Way back when–college? high school?–when Papa John’s first came on the scene, it was all about the dipping sauces. That was their schtick. Okay, the weird inclusion of those random pepperoncini’s in the box was nice, but I never really got where that was coming from. Oh sure, I ate them anyway, but they were all limp from basically being steamed in the cardboard with the hot pizza…they just seemed like such a random inclusion. Why not throw a cherry tomato in there instead? Or a few raw mushrooms? Or maybe a hot dog?

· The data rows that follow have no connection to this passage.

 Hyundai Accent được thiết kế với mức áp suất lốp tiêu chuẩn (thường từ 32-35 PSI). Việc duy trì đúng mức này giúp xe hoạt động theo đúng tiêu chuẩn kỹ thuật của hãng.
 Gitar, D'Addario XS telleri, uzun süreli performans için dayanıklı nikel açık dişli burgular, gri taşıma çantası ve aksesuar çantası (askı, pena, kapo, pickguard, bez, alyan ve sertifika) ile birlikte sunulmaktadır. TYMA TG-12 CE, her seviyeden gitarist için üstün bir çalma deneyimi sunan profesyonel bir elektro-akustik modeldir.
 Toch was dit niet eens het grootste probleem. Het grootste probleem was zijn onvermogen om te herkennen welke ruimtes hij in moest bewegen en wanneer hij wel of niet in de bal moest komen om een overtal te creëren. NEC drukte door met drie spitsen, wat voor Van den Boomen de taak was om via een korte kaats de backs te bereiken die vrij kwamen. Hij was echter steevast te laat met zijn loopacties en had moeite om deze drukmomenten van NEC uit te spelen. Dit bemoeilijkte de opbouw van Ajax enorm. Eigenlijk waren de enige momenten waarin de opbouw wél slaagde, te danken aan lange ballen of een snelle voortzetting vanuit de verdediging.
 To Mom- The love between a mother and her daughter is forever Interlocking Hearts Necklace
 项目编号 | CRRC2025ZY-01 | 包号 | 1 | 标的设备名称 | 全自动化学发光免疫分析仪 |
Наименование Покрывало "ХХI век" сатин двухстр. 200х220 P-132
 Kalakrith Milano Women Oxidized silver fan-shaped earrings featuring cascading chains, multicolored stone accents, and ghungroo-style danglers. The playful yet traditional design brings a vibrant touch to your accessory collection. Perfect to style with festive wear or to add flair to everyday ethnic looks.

No, the whole thing that set PJ’s apart was the sauce thing. Revisionist advertising is trying to make us all believe it was somehow always about fresher ingredients or something, like everybody else used produce from yesteryear, but it was really about being able to add a bunch more empty calories to an already dangerous meal. It seemed like such a revolution. Stodgy old Pizza Hut and Dominoes would never have thought so far outside the box to include such a novelty at no extra charge. Papa John’s was going out of its way to help us enjoy our last bites of pizza. So nice. So thoughtful.
The last couple of times I’ve ordered from Papa John’s, however, they neglected to put in the cheese sauce, and it’s been pretty damn hard for me to conceal my disappointment. Being that I’m the only cheese eater in the house, I’ve contained my frustration. Not that the stuff is actually cheese…I mean, who know’s what it is? It’s more akin to “cheese food” or a creamier, liquider version of the canned squeeze cheese, something I’ve always felt guilty about liking but still find completely irresistable.

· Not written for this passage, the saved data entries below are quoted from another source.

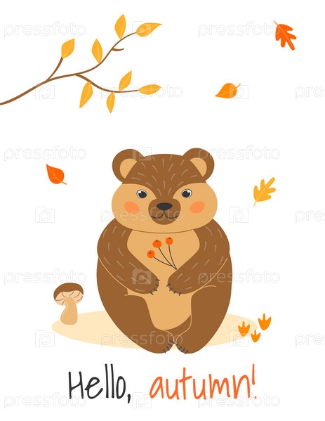 Векторная иллюстрация с милым медведем, грибом и листопадом в мультяшном стиле. Лесные животные и растения. Привет осень. Плакат формата А4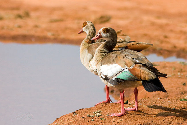 埃及雁(学名:Alopochen aegyptiacus)为鸭科埃及雁属的鸟类,俗名秃雁。体重11-4千克。眼睛棕色,眼窝处有一对似戴上墨镜的红眼圈,颈部及背羽为巧克力色,一对善于飞行的大翅膀由排列整齐的黑白两色所构成,有粉红色的长脚,嘴基米色。上体略有斑驳的红褐色,颈部有领围呈红褐色。分布于尼罗河上游河谷地带及撒哈拉以南的非洲地区。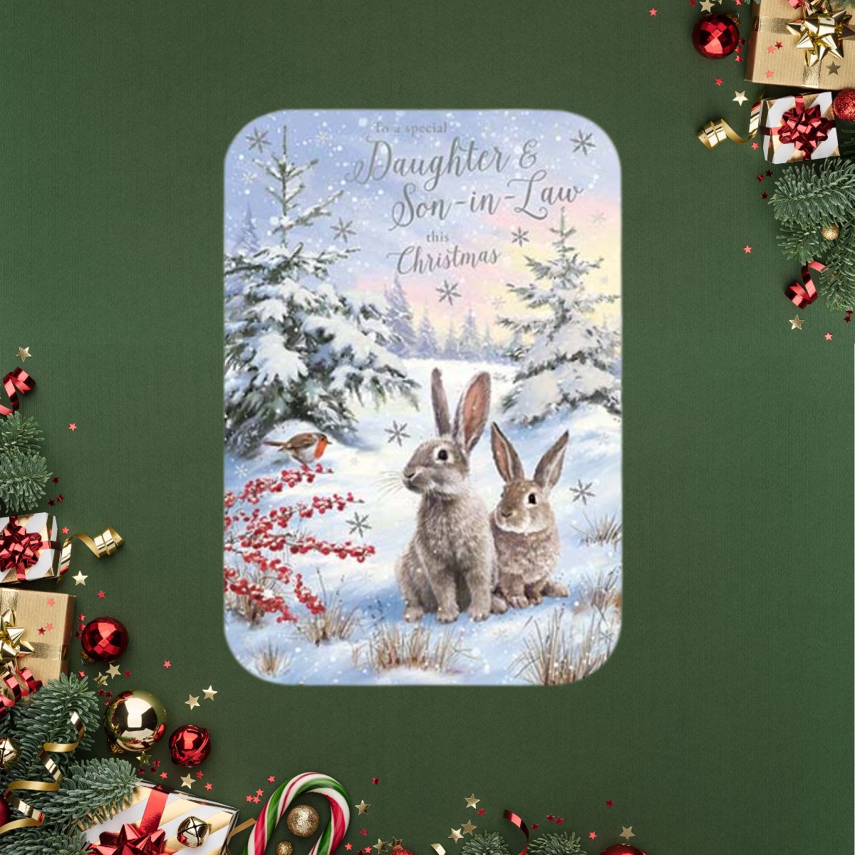 Daughter & Son-In-Law Christmas Card - Snow Bunnies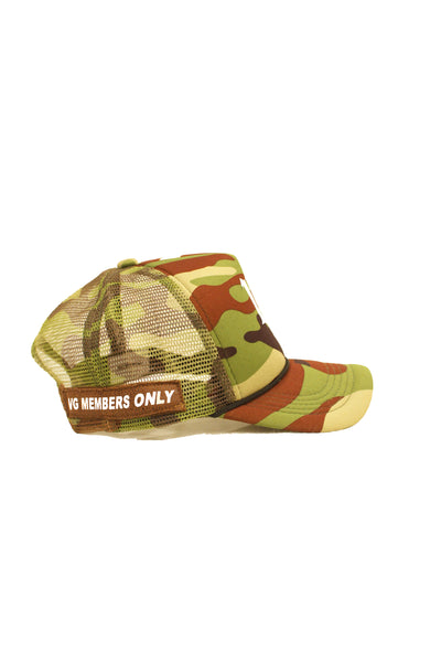 Camouflage VG Trucker hat with patch on side profile. Adjustable snap backing

This last time we ordered pizza I had to speak up; as indefensible as my love of that stupid cheese-ish sauce is, I couldn’t let another Papa John’s experience go by without it. So I told my wife, “Remind them about the cheese dipping sauce. They forgot last time.” I nagged her about it while she was on the phone. “Don’t forget.” “The Cheese Sauce.” “Don’t forget.” She finally told the person on the phone, she listened, said, “Oh…I see.” Then she got off the phone and said to me…
“They’ve discontinued the cheese sause. They’ll throw another garlic sauce in there.”
THEY’VE DISCONTINUED THE CHEESE SAUCE?!? WHAT THE FUCK?!?
“Calm down honey.”
“I don’t know. She didn’t say.”
I cannot conceive of this. I mean, what is the point of ordering Papa John’s instead of Pizza Hut now? They both get things wrong with equal frequency. They both taste marginally good. The only edge Pizza Hut has is that their prices aren’t like the stock market. Whenever we call the Papa John’s in whose praxis delivery wave we live in we have to play this game to find out what the special price of the day is. “We want two medium pizzas.” “That will be twenty-five dollars.” “Oh…yeah…do you have any specials?” “Um…yeah. Two mediums for twelve dollars.” “That’s what I ordered. Why didn’t you tell me that price?” “You didn’t ask for the special.”
God I hate them. And now that they’ve ripped cheese dipping sauce out from under me like so many Persian rugs, without warning, without apology, without so much as a shrug, I can see no reason to return to them.
I guess I’ll have to settle for one of the three hundred and fifty thousand local pizza joints in my area that have much better pizza, but no sauce at all.